Виртуальный топос позволяет смешивать реальность и фантазию, законы карнавала стирают границы между правдой и неправдой, выдумкой, ложью. Карнавальное сознание делает правду явлением условным, относительным, даже неважным. Не имеет смысла разгадывать, что скрывают виртуальные маски — аватарки, поскольку правда может не понравиться. Виртуальное бытие анонимно и бесстрашно, принципиально безответственно, что делает возможным разнообразное шутовство, кривляние, насмешку, сарказм, агрессивные высказывания и призывы, а также всевозможные слухи и сплетни. Бинарная оппозиция «правда — ложь» проявляется также через феномен фейка — недостоверной или откровенной лживой информации, практически не подлежащей опровержению или разоблачению. Безфейковые новости, даже в официальных СМИ, являются редким событием, не говоря о виртуальных новостных порталах. Сила и живучесть фей-ков состоит в том, что они притягательны своей карнавальной скандальностью, практически не-
опровержимы, рассчитаны на нерассуждающую аудиторию. Фейки — своеобразные карнавальные игрушки — переходят репостами из «рук в руки», умножая количество потребителей контента, и не позволяют остывать атмосфере интриг и развлечения. Фейковый контент рассчитан на широкую анонимную аудиторию, и, в конечном счете — на массовое сознание, не склонное к критике и рассуждению. В сетях действует неоспоримый закон карнавала — преобладание эмоционального начала над рассудочным, поэтому при всем желании правды массовая аудитория не склонна к серьезным размышлениям по поводу истинного положения вещей, будь то политика, экономика, культура или досуг. Когда очередной фейк исчерпывает свой интригующий ресурс, появляется новый, причем мало кого из пользователей сети интересует его первоисточник: сетевое поведение, как правило, довольно лениво, карнавал не располагает к серьезности, наоборот, он призван к ее отрицанию. В конечном счете, фейки нивелируют значимость правдивой информации, отсылают потребителей к упрощенным схемам тех или иных событий, скандальным слухам. «Правда» остается за пределами карнавальной атмосферы, суть карнавала — в опрокидывании действительной картины мира.

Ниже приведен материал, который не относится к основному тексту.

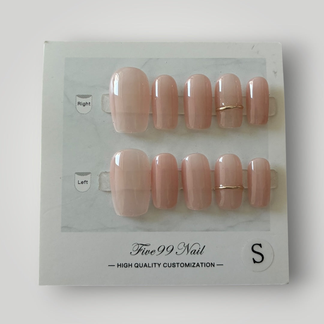 Less is more β this minimalist nude set is designed for effortless elegance. A soft milky blush tone covers each nail, with two accent nails featuring a delicate gold wire detail for a touch of understated luxury. Ideal for everyday wear, office looks, or bridal simplicity.
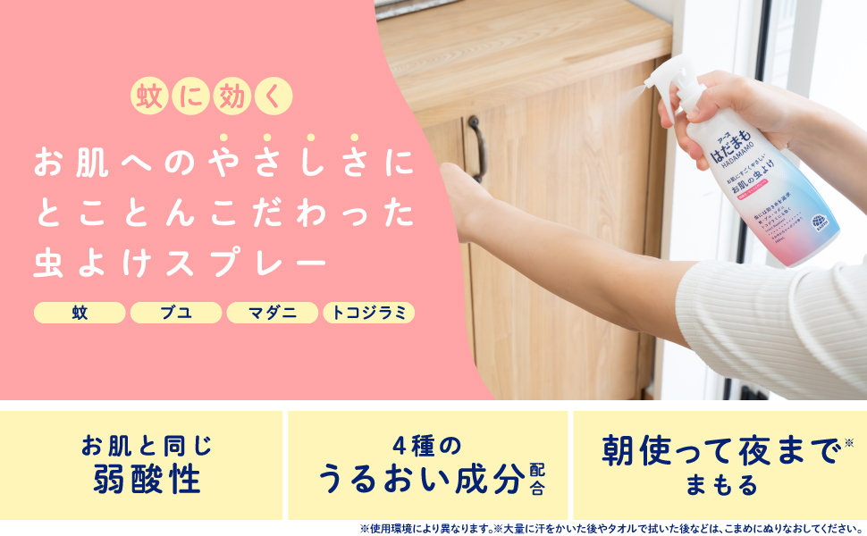 「はだまも」の虫よけミストは、保湿成分が配合されているため

Переворачивание реального и виртуального бытия сопровождается сменой оппозиций «слуга» — «господин». «Слуга» — социализированная форма реального человеческого бытия. Будучи укорененной в социуме, личность неизбежно встраивается в определенную иерархию, наделяется правами и обязанностями соответствующих статусов и социальных ролей, зависит от большого количества правил и установлений, социальных потребностей и интересов. Таким образом, личность является «слугой» различных социальных институтов и обременена ответственностью разного рода.

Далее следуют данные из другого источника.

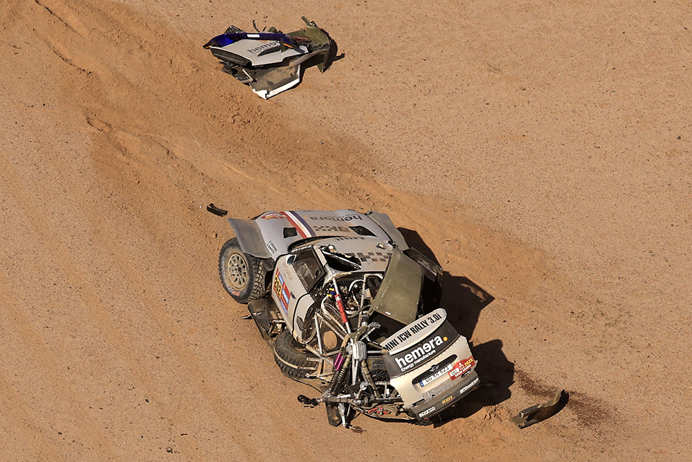 А это – растерзанная «Дакаром» машина еще одного фаворита Жерлена Шишери. Один из самых пугающих крэшей – как минимум итоговым видом.

Карнавальное бытие социальных сетей отрицает все привычные социальные роли, делает «слугу» виртуальным «господином». Оно лишено каких-либо сугубо утилитарных потребностей, свободно от бюрократического официоза, моральной сентенциозности. Сетевое бытие обладает «веселой относительностью» и незавершенностью, оно целиком подвластно своему обладателю, который волен его размножить, изменить или уничтожить. Такое бытие свободно от непосредственного государственного и социального контроля, подчинено только сетевому этикету, который, в свою очередь, является результатом неписаного консенсуса. Конечно, «бытие виртуальное» не лишено некоторой ответственно-
сти: существуют определенные ограничения на выражения, репосты и т. п. Но сутью карнавала является свобода, отмена иерархий и нарушение запретов, культурных и религиозных табу. Именно карнавальная свобода служит инструментом отрицания многих установлений и условностей, запретов и ограничений социокультурного характера. Ее смысл — в освобождении от официальных принуждений, серьезности, моральных и религиозных установок и бытовых условностей, норм и правил языка и традиционного этикета. Сетевой субъект — это априорно свободный распорядитель как своего виртуального двойника, так и сетевого пространства в целом. Карнавальная сущность сетевой субкультуры — это свобода творчества, эпатирования, отрицания, основанная на смеховом начале. Современные технологии (особенно связанные с фотографией) позволяют экспериментировать с любыми изображениями (внешностью, окружением, интерьером и т. п.), превращая «шутов» в «королей», и наоборот. Возвышение и снижение, юмор и пародия — неотъемлемые атрибуты карнавализации.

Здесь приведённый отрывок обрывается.